Jamie swallowed her revulsion as she looked down at the pages, but the pictures were artistic, the skin turned into something beautiful. There was incredible skill in the ink and the colors: a waving riot of flowers that seemed to grow across the skin with blooming roses and curlicues in a feminine design.
A gigantic pair of strong angel wings, each feather inked in detail, the size of the skin indicating it came from a large man.
A tiger prowling through a verdant jungle, its eyes staring out at the viewer.
There were quotes, too. In one, calligraphic handwriting flowed across the skin: I'm the hero of this story. I don't need to be saved. It seemed terribly sad that the hero was no more.
"Then there are the full-sleeve tattoos which result in a long tapering shape," Corium continued. "Very pleasing to the eye."
He indicated a lion's head in profile, its mane rippling over what had been muscles in life. A school of hammerhead sharks swimming over a submerged ancient city.
A list of coordinates with passport pictures and snapshots of faraway places.
A kaleidoscope of galaxies and stars in hues of cobalt blue, luminous greens and pinks.
The variation was incredible and Jamie could see how preserving these works of art was as much of a skill as inking them.
"I also have a number of head tattoos, which are more or less oval in shape, although it can be hard to get the edges right on those. They're the main ones," Corium raised his eyebrows, "but now and then I get some more intimate parts. Quite unusual, I must say."
Jamie looked at the shelf of photo albums.
"How long have you been doing this?" she asked.
"Since I was a child," Corium said, and the look in his eyes spoke of the deep loneliness of the misfit. "It started with taxidermy of small animals and tanning of found hides, but then one day a dying friend asked me to help preserve a part of himself and I couldn't say no. My reputation spread in the tattoo community and here in London these days there's no shortage of preservation work. There are also people who are willing to pay a lot of money for human leather products, from unmarked and inked skin."

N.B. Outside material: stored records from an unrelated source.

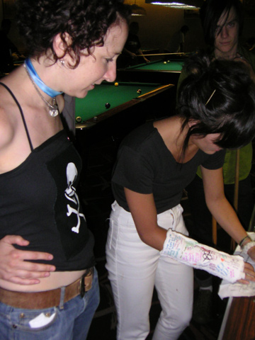piratey monkey and i (vladypus) arrive at the meeting place and join jason & co in one big group. after determining the nature of the game however, we decide that it would be more effective if we broke off as a pair. the game starts and everyone runs for it in a giant herd. monkey and i almost immediately choose a different direction to get away from the group. within a few blocks we are totally lost. we slowly make our way and eventually we get on some bus, which is full of other players. we notice that i have already managed to lose my player ribbon, and we cut a piece of monkey's off and pin it to my shirt.
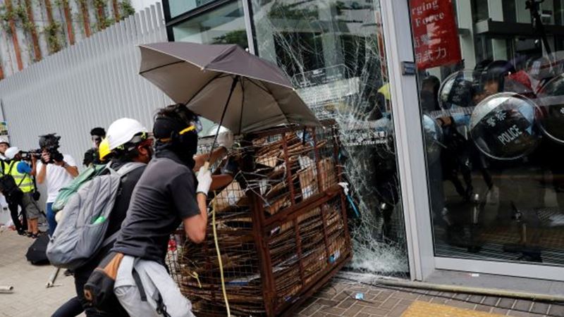เว็บไซต์บรรษัทกระจายเสียงอังกฤษหรือบีบีซีรายงานว่า ผู้ประท้วงกลุ่มหนึ่งใช้รถเข็นโลหะกระแทกกระจกซ้ำแล้วซ้ำเล่าตั้งแต่ช่วงเที่ยงตามเวลาฮ่องกงจนสามารถพังกระจกได้หนึ่งบาน แต่ยังไม่บุกเข้าไปข้างใน สมาชิกสภานิติบัญญัติฝ่ายสนับสนุนประชาธิปไตยบางคนพยายามเอาตัวขวางผู้ประท้วงเพื่อเกลี้ยกล่อมให้ยุติการใช้ความรุนแรงแต่ไม่สำเร็จ ด้านผู้สื่อข่าวซีเอ็นเอ็นรายงานว่า ตำรวจปราบจลาจลที่ตั้งรับมืออยู่ข้างในอาคารพยายามสื่อสารกับผู้ประท้วงด้วยไมโครโฟน เตือนว่าอย่าบุกเข้ามา แต่จับใจความคำพูดได้ไม่ชัดเจนนัก
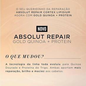 Apresentamos o condicionador L'Oréal Professionnel Absolut Repair Gold Quinoa 1,5L, o aliado perfeito para cabelos danificados. Descubra como conquistar cabelos com aparência mais saudável, luminosos e com um toque sedoso incrível. Restauração Intensiva com Quinoa e proteínas O Condicionador L'Oréal Professionnel Absolut Repair Gold Quinoa é formulado com o poder da Quinoa e Proteínas, que atuam em sinergia para reduzir os danos na superfície do cabelo. Essa poderosa combinação desembaraça os fios e ajuda a reestruturar sua superfície, proporcionando cabelos com mais brilho, resistência e um toque leve. Luminosidade e Toque Sedoso Com o Condicionador Absolut Repair Gold Quinoa, seus cabelos ganharão uma aparência mais saudável, luminosa e com um toque sedoso incrível. A fórmula do condicionador contribui para restaurar a superfície dos fios, deixando-os com um aspecto revitalizado e cheio de brilho. Modo de Aplicação para Resultados Eficientes Espalhe o condicionador de maneira uniforme por todo o cabelo após a lavagem, enquanto os fios ainda estão úmidos e secos com uma toalha. Deixe o produto agir por 2 a 3 minutos e, em seguida, enxágue completamente. É importante evitar o uso excessivo do condicionador, pois a aplicação adequada dos ingredientes ativos é fundamental para obter resultados satisfatórios e evitar desperdício. O resultado que você espera Ao utilizar o Condicionador L'Oréal Professionnel Absolut Repair Gold Quinoa 1,5L, você notará que seus cabelos ficarão desembaraçados, com até 77% mais reparação, 7x mais brilhantes e com um toque suave, especialmente quando combinado com a linha completa. Para potencializar ainda mais os benefícios de desembaraço e brilho para seus cabelos danificados, experimente também o shampoo L'Oréal Professionnel Serie Expert Absolut Repair Gold Quinoa + Protein. Cuide dos seus fios com esse tratamento poderoso e desfrute de cabelos deslumbrantes e saudáveis todos os dias. Marca: Não Informado Ean: 7899115200176
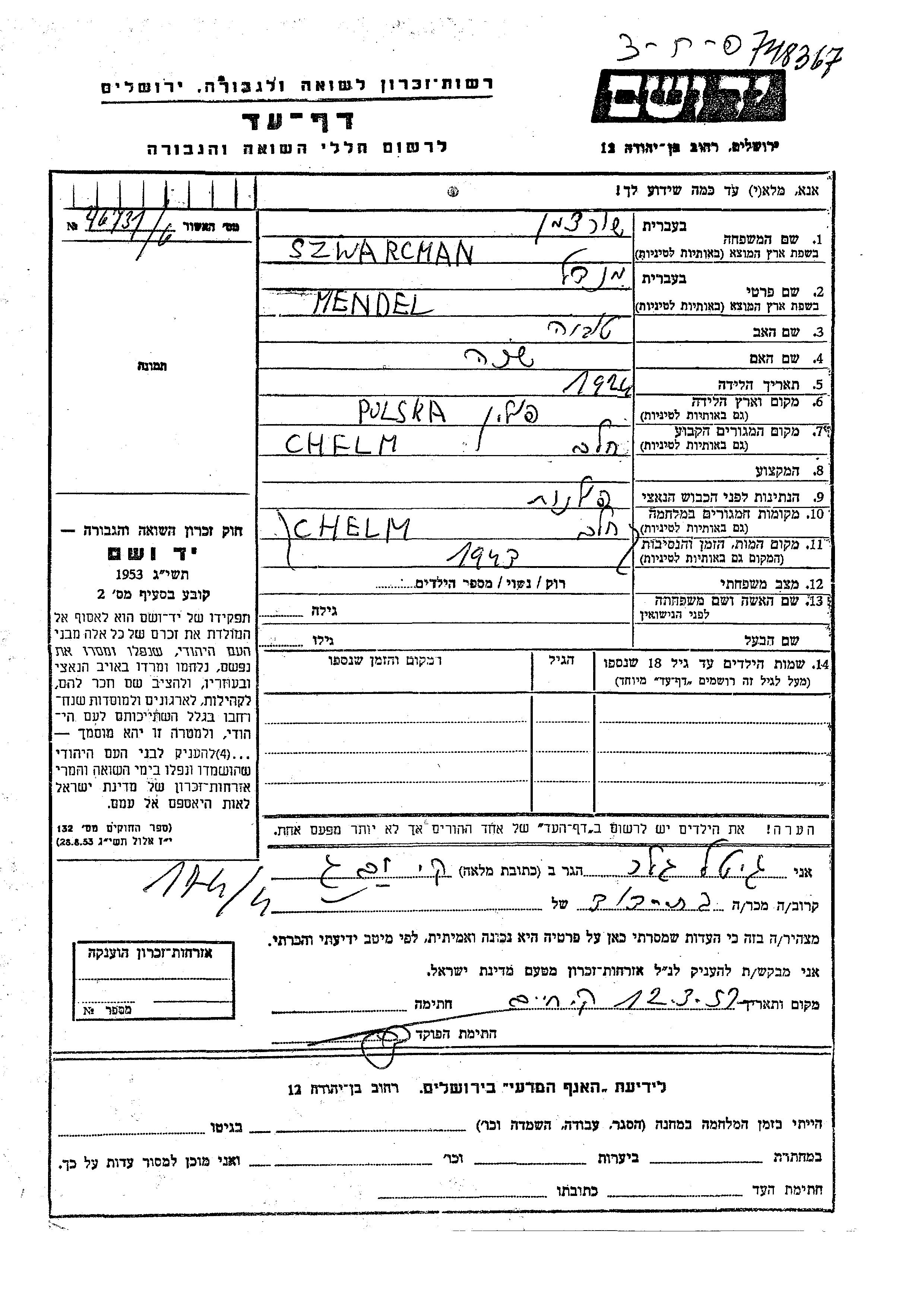 Шварцман Мендель 1924 Хелм, Польша Лист свидетельских показаний

Corium ran a hand across his smooth head. "I want ink myself of course, but I suffer from the tyranny of choice. After all, I have all these examples of fine art and I can't decide what I want on my own canvas. We have such a small amount of space and to get it wrong would be …" He shook his head and sighed. "Well, I can't abide the thought that my own legacy would be inferior to the skins I work on all day."
While Corium spoke, Jamie could see that Blake had wandered down to the far end of the studio to a tall bookcase. He bent more closely to look at the books, and then turned to call back to them.
"Could you tell us about this particular book?"
Corium's head snapped round and his eyes narrowed. He had the look of a man who would protect his domain at any cost.
"It's an early edition of Francis Galton's Hereditary Genius. For a very private client." His voice was cold as he stalked down the studio, Jamie following close behind.
The shelves were mostly filled with photography books of tattoos and body art, with others on taxidermy and skin preservation. But one shelf had a thin book bound in soft leather. The pattern inked on the skin looked like dragon scales in hues of purple.
"Is it bound in human skin?" Blake asked.
"Anthropomorphic bibliopegy is a great tradition," Corium said. "Anatomy texts bound in the skin of cadavers, judicial proceedings bound in the skin of murderers –"
"Lampshades made from the skin of murdered Jews …" Blake whispered, looking more closely at the books. "Where do you draw the line?" He turned back to look at them and Jamie saw his blue eyes were steel-hard. "May I touch them?"